Updated: Sep 12, 2023


Robin Mandal, our chairperson, provided comments in an Irish Times article on the proposed planning reforms that the Government wants to bring in.

The article can be accessed here.


Olivia Kelly Dublin Editor Mark Hilliard Mon Dec 12 2022 - 20:36


Any attempt by Government to block residents’ groups from taking legal proceedings against proposed housing developments would fall foul of European law, an umbrella organisation of residents and civic groups has said.

“It’s fundamentally wrong… it undermines civil society,” said Robin Mandal, chairman and cofounder of the Dublin Democratic Planning Alliance (DDPA), a body aimed at championing sustainable home construction.

“I would be very surprised if it wasn’t constitutionally attacked and taken to [appeal in] Europe.”

Mr Mandal, who is also a former president of the Royal Institute of Architects of Ireland (RIAI), believes it could specifically be challenged under Ireland’s obligations to the Aarhus Convention which protects public participation in environmental decision making.

He was commenting on the basis of reports on Monday in The Irish Times setting out aspects of Minister for Housing Darragh O’Brien’s proposed reform of the planning system, and stressed he had yet to see any official detail.

The DDPA was established in response to concerns over planning policy in the capital, particularly former Strategic Housing Development (SHD) rules that saw larger scale proposals bypass local authorities to An Bord Pleanála.


The alliance believes strategic planning policies designed to facilitate housing provision had brought about a “hornets’ nest” of judicial reviews, the High Court challenges that would be rendered unavailable to housing associations under Mr O’Brien’s draft laws.

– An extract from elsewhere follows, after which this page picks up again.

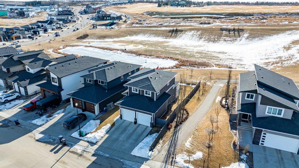 Rarely does a home combine panoramic green space views, a walkout basement, and a family-focused layout quite like this stunning residence in The Vista’s. Perfectly positioned along walking trails, a pond which turns into a skating rink and a winter toboggan hill, this home offers a lifestyle where nature, luxury, and everyday family life meet effortlessly. This beautifully maintained 4-bedroom, 3.5-bathroom two-storey home features a bright open-concept main floor with a clean, modern aesthetic and neutral colour palette that will suit any style. The spacious living room is anchored by a cozy gas fireplace. Large windows in the living and dining areas flood the home with natural light while showcasing beautiful views of the vast green space behind the property. The thoughtfully designed kitchen and dining area flow seamlessly to create the ideal space for both entertaining and everyday living. Upstairs you’ll find three well-appointed bedrooms, including a spacious primary retreat featuring his and hers walk-in closets and a private ensuite, a 4 piece guest bathroom and laundry. Every detail of this home has been designed with storage and practicality in mind. The fully developed walkout basement adds incredible additional living space with a large family room, a generous fourth bedroom, and multiple oversized storage closets—perfect for growing families. Additional highlights include a walk-in closet from the garage, ideal for coats, boots, and everyday organization. Step outside and enjoy direct access to the green space, walking trails, and a popular toboggan hill, creating year-round outdoor enjoyment right in your backyard. Located in the highly desirable Vista’s community of Sylvan Lake, this home is close to schools, parks, shopping, and extensive walking paths, making it the perfect place for families to grow and thrive. Modern design, incredible storage, walkout basement, upstairs laundry, and a prime location backing onto nature—this is a home that invokes lifestyle.

According to the alliance, as of September there were about 15,000 houses and apartments caught up in the legal process, compared with about 17,000 that have been started and 68,000 that are ready to go but have not.

In its analysis of data earlier this year, the alliance said the trigger for increasing judicial reviews was the “extraordinary number” of SHD applications which were material contraventions of their area development plans.

Architect Alfonso Bonilla, who had objected to a SHD of 1,600 build-to-rent apartments on former Holy Cross College lands close to his Drumcondra home, said the restrictions would have a chilling effect on public participation in the planning process.

“It seems like what this is trying to do is to encourage individuals to feel more exposed to costs,” he said.

“If you were to take on a judicial review as a neighbours’ association through a registered company, the company would be liable for cost if you weren’t successful.


“By changing this rule, and making it that it is purely individuals who can take these legal proceedings, then that is putting the brunt of the full weight of a multinational corporation’s legal team back on to a single individual. It is like a ‘Slapp’ – strategic lawsuits against public participation.

“It really is a way of scaring the public into not legally challenging bad development,” he said.